DATA Block Start
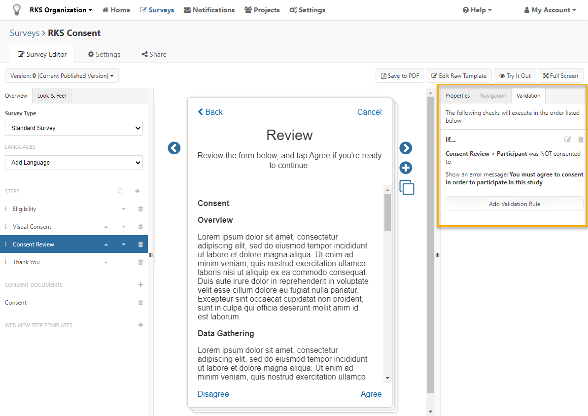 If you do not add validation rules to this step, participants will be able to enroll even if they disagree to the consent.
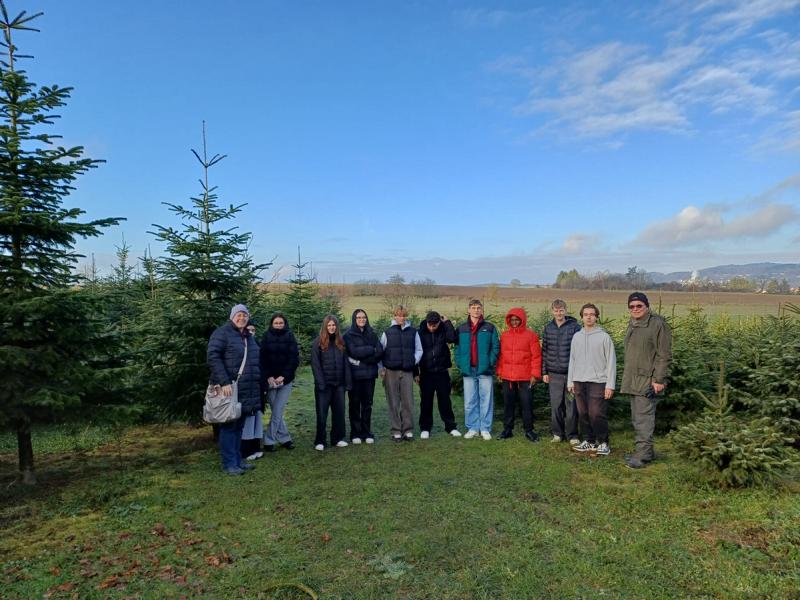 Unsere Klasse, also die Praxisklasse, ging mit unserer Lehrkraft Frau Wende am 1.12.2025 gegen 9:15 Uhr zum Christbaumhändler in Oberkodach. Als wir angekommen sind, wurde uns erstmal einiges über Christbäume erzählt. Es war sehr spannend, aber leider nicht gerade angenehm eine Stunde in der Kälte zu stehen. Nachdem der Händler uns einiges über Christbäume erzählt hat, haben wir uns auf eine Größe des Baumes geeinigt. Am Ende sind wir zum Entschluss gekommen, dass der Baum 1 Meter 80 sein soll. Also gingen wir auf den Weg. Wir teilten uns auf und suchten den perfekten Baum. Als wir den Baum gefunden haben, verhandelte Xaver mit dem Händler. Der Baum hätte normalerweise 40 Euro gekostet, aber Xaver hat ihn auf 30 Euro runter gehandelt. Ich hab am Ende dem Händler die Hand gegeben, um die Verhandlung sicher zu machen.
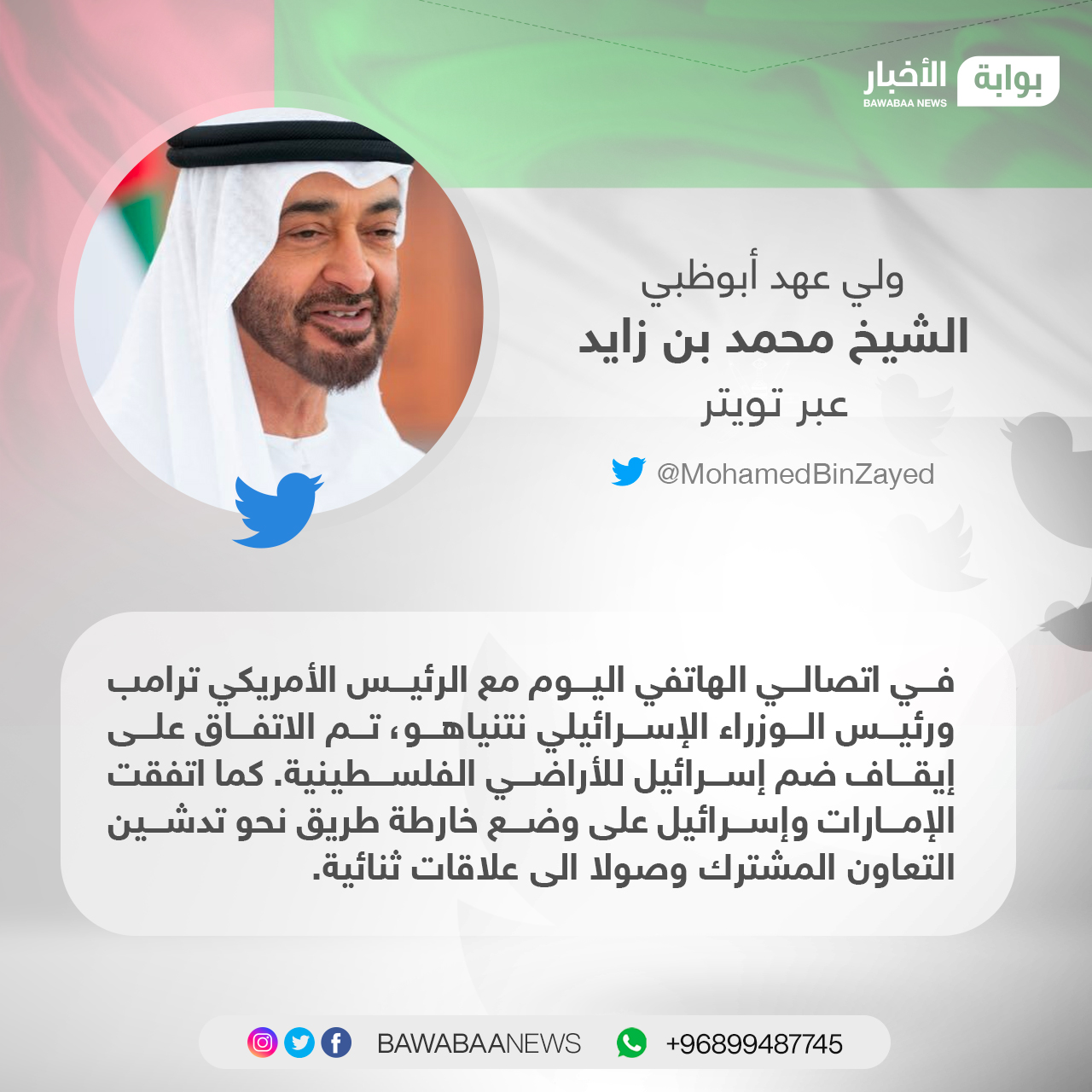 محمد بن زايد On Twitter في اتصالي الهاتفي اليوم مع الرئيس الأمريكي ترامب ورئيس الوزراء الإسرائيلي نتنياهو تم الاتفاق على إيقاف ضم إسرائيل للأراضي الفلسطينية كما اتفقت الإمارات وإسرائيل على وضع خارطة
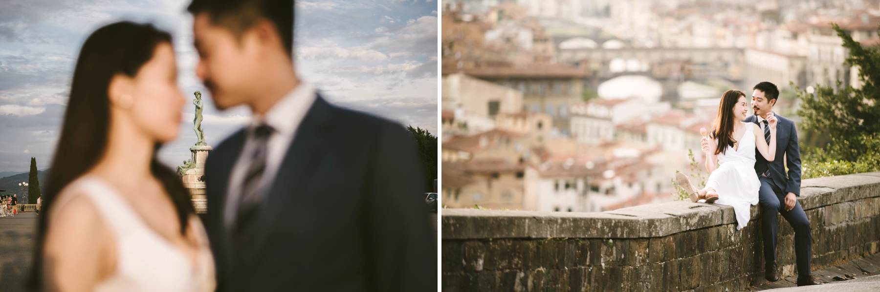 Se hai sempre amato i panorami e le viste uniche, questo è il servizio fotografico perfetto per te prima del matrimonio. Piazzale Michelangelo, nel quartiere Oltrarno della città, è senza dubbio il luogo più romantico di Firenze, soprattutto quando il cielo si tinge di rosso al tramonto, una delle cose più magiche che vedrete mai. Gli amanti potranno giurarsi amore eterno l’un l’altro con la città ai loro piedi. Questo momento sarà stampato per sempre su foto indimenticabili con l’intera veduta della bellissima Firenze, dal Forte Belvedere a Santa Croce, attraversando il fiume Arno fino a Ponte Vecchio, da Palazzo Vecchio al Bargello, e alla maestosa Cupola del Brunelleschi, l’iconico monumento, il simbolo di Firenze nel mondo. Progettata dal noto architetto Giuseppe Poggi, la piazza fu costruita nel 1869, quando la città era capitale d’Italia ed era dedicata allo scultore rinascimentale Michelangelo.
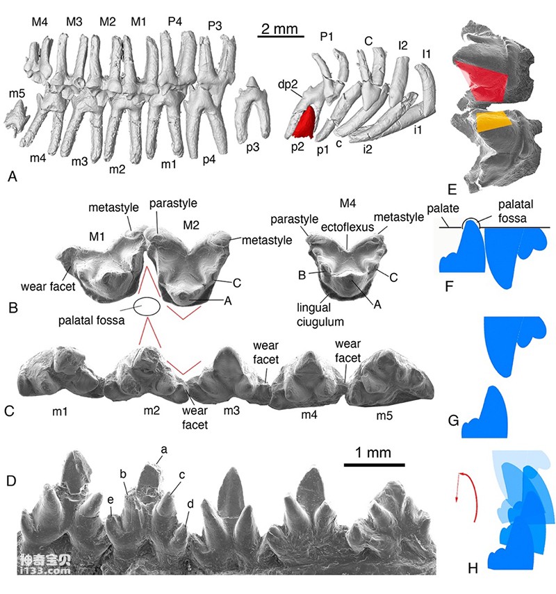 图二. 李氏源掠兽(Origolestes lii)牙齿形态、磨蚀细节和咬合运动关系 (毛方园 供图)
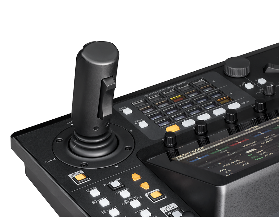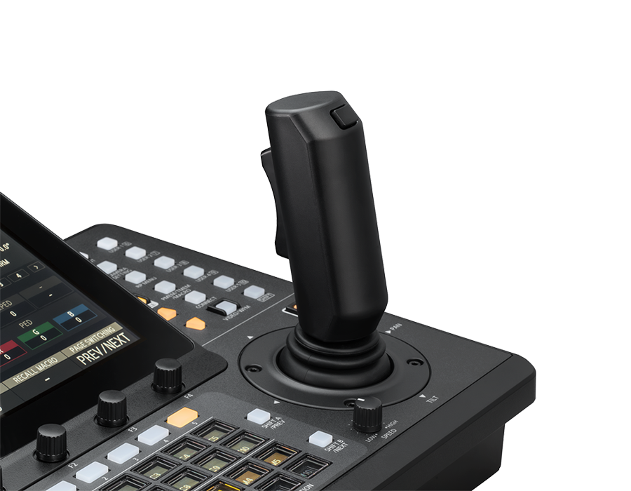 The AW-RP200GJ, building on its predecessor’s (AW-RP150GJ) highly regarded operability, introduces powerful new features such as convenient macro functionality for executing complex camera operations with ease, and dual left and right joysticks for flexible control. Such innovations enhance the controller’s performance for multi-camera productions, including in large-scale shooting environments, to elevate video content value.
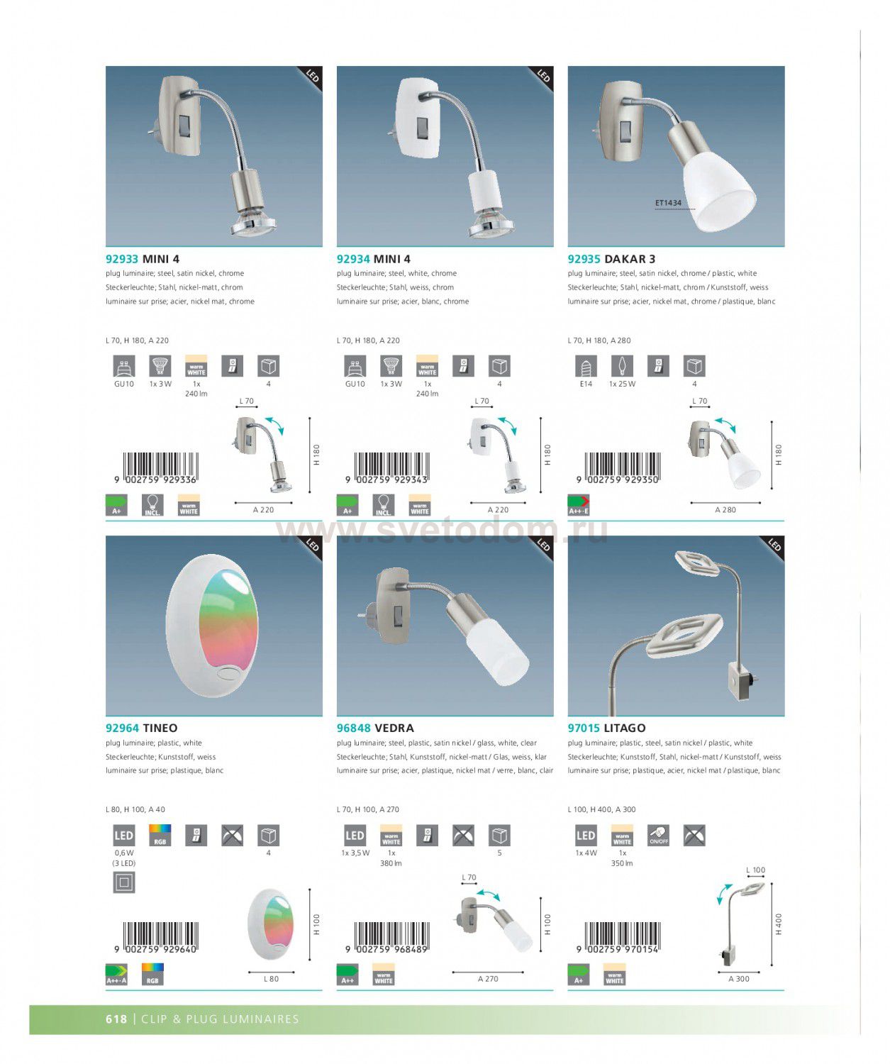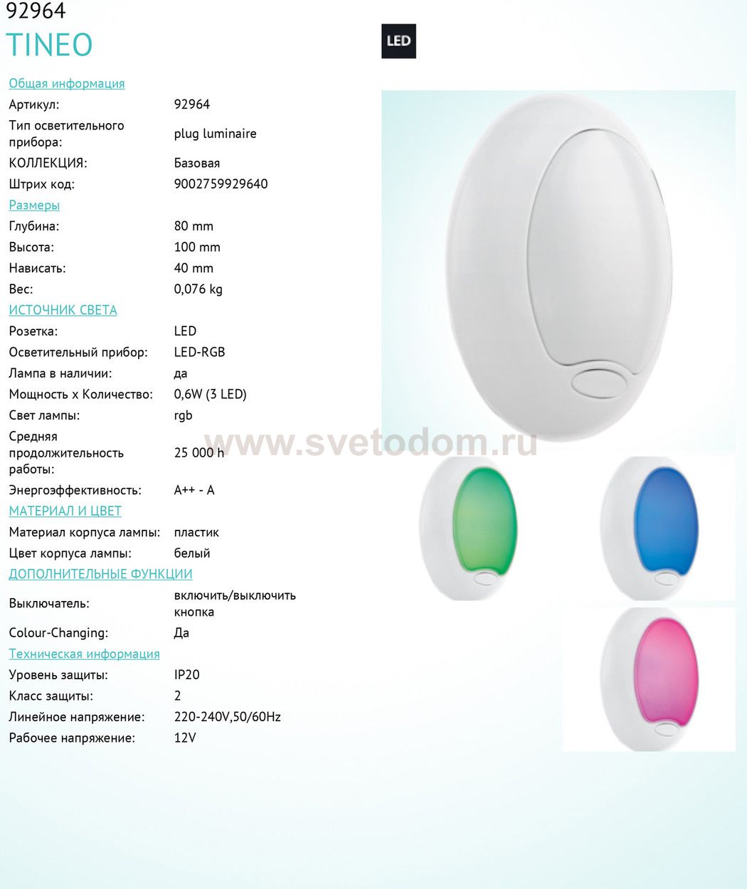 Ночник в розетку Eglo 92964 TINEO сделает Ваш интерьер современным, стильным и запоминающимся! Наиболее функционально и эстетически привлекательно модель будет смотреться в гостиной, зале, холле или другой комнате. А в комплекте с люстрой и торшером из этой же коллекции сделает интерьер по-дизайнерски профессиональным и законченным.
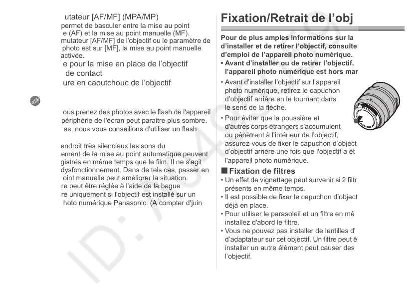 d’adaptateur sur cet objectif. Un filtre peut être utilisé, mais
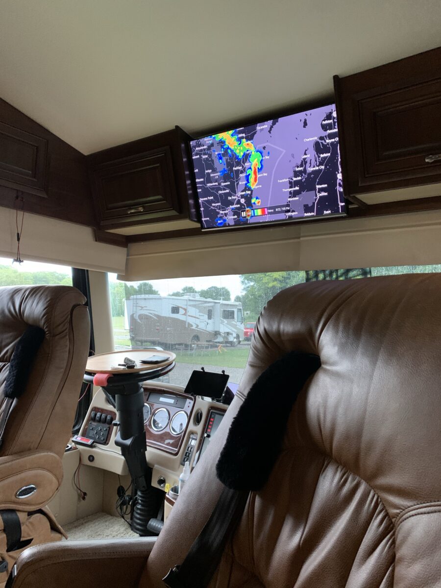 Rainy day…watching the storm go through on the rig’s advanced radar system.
DATA Block End
• [EXERCISE DIRECTIONS]
Every line in the records is to be retyped exactly as it stands; the pictures stay out.

• [REPLY]
 If you do not add validation rules to this step, participants will be able to enroll even if they disagree to the consent.
 Unsere Klasse, also die Praxisklasse, ging mit unserer Lehrkraft Frau Wende am 1.12.2025 gegen 9:15 Uhr zum Christbaumhändler in Oberkodach. Als wir angekommen sind, wurde uns erstmal einiges über Christbäume erzählt. Es war sehr spannend, aber leider nicht gerade angenehm eine Stunde in der Kälte zu stehen. Nachdem der Händler uns einiges über Christbäume erzählt hat, haben wir uns auf eine Größe des Baumes geeinigt. Am Ende sind wir zum Entschluss gekommen, dass der Baum 1 Meter 80 sein soll. Also gingen wir auf den Weg. Wir teilten uns auf und suchten den perfekten Baum. Als wir den Baum gefunden haben, verhandelte Xaver mit dem Händler. Der Baum hätte normalerweise 40 Euro gekostet, aber Xaver hat ihn auf 30 Euro runter gehandelt. Ich hab am Ende dem Händler die Hand gegeben, um die Verhandlung sicher zu machen.
 محمد بن زايد On Twitter في اتصالي الهاتفي اليوم مع الرئيس الأمريكي ترامب ورئيس الوزراء الإسرائيلي نتنياهو تم الاتفاق على إيقاف ضم إسرائيل للأراضي الفلسطينية كما اتفقت الإمارات وإسرائيل على وضع خارطة
 Se hai sempre amato i panorami e le viste uniche, questo è il servizio fotografico perfetto per te prima del matrimonio. Piazzale Michelangelo, nel quartiere Oltrarno della città, è senza dubbio il luogo più romantico di Firenze, soprattutto quando il cielo si tinge di rosso al tramonto, una delle cose più magiche che vedrete mai. Gli amanti potranno giurarsi amore eterno l’un l’altro con la città ai loro piedi. Questo momento sarà stampato per sempre su foto indimenticabili con l’intera veduta della bellissima Firenze, dal Forte Belvedere a Santa Croce, attraversando il fiume Arno fino a Ponte Vecchio, da Palazzo Vecchio al Bargello, e alla maestosa Cupola del Brunelleschi, l’iconico monumento, il simbolo di Firenze nel mondo. Progettata dal noto architetto Giuseppe Poggi, la piazza fu costruita nel 1869, quando la città era capitale d’Italia ed era dedicata allo scultore rinascimentale Michelangelo.
 图二. 李氏源掠兽(Origolestes lii)牙齿形态、磨蚀细节和咬合运动关系 (毛方园 供图)
 The AW-RP200GJ, building on its predecessor’s (AW-RP150GJ) highly regarded operability, introduces powerful new features such as convenient macro functionality for executing complex camera operations with ease, and dual left and right joysticks for flexible control. Such innovations enhance the controller’s performance for multi-camera productions, including in large-scale shooting environments, to elevate video content value.
 Ночник в розетку Eglo 92964 TINEO сделает Ваш интерьер современным, стильным и запоминающимся! Наиболее функционально и эстетически привлекательно модель будет смотреться в гостиной, зале, холле или другой комнате. А в комплекте с люстрой и торшером из этой же коллекции сделает интерьер по-дизайнерски профессиональным и законченным.
 d’adaptateur sur cet objectif. Un filtre peut être utilisé, mais
 Rainy day…watching the storm go through on the rig’s advanced radar system.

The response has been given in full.